NWS powers up faster, more detailed weather forecasts

The National Weather Service recently activated a system that quickly harnesses weather data from multiple sources, integrates the information and provides a detailed picture of the current weather.

The Multiple Radar Multiple Sensor (MRMS) system combines data streams from multiple radars, satellites, surface observations, upper air observations, lightning reports, rain gauges and numerical weather prediction models to produce a suite of decision-support products every two minutes, according to the NOAA National Severe Storms Laboratory.

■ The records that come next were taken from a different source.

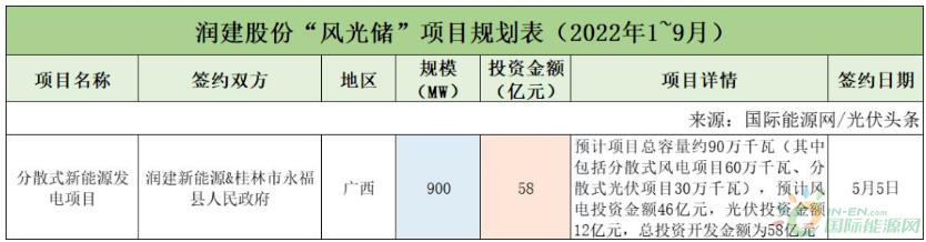 截至2022年9月30日,中國(guó)能建共簽約(規(guī)劃)10個(gè)風(fēng)光儲(chǔ)項(xiàng)目,明確項(xiàng)目規(guī)模共計(jì)19.94GW。此外,有7個(gè)項(xiàng)目明確投資金額,共926億元。
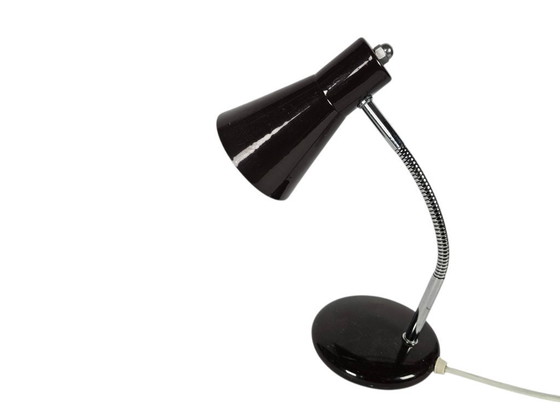 Ervaar de charme van de jaren '70 met dit prachtige vintage tafellampje uit Italië. Met zijn elegante 'gooseneck' ontwerp en chroomafwerking voegt deze lamp een vleugje retro-stijl toe aan elke ruimte. Perfect voor uw bureau of leeshoek, biedt het zowel functionaliteit als esthetiek.
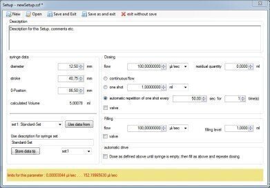 Ready-made syringes (made of polypropylene - PP) with 5ml, 20ml and 50 (PP) ml can be used, but the holder of each syringe also allows the use of custom-made syringes with an outer diameter of 9 to 34 mm. For each syringe, the flow rates can be varied over a range of 6 orders of magnitude using the software supplied (alternatively directly with the Lab View software). Depending on the syringe volume, flow rates from 0.03 nL/s up to 760 µL/s can be easily set. Several double syringe modules (up to 6 in a combi bank) can be controlled individually via the control software. A screenshot of the set-up menu is shown in Figure 2.

Because it provides better depictions of high-impact weather events, forecasters can quickly diagnose severe weather and issue more accurate and earlier forecasts for communities and air traffic managers.

“MRMS uses a holistic approach to merging multiple data sources, allowing forecasters to better analyze data and potentially make better predictions,” said Ken Howard, a research meteorologist at NOAA’s National Severe Storms Laboratory who helped design MRMS. “It was developed in collaboration with NOAA’s National Weather Service hydrologists and forecasters who tested experimental versions and provided valuable input and feedback.”

MRMS data are also an input into the newly launched High-Resolution Rapid Refresh weather model, which lets forecasters pinpoint neighborhoods under severe weather threats and warn residents hours before a storm hits. It will also help forecasters provide more information to air traffic managers and pilots about hazards such as air turbulence and thunderstorms.

MRMS is being used to develop and test new Federal Aviation Administration NextGen products in addition to advancing techniques in quality control, icing detection, and turbulence.

NOAA researchers developed the MRMS system in cooperation with the University of Oklahoma’s Cooperative Institute for Mesoscale Meteorological Studies, and the software is available for government at no cost.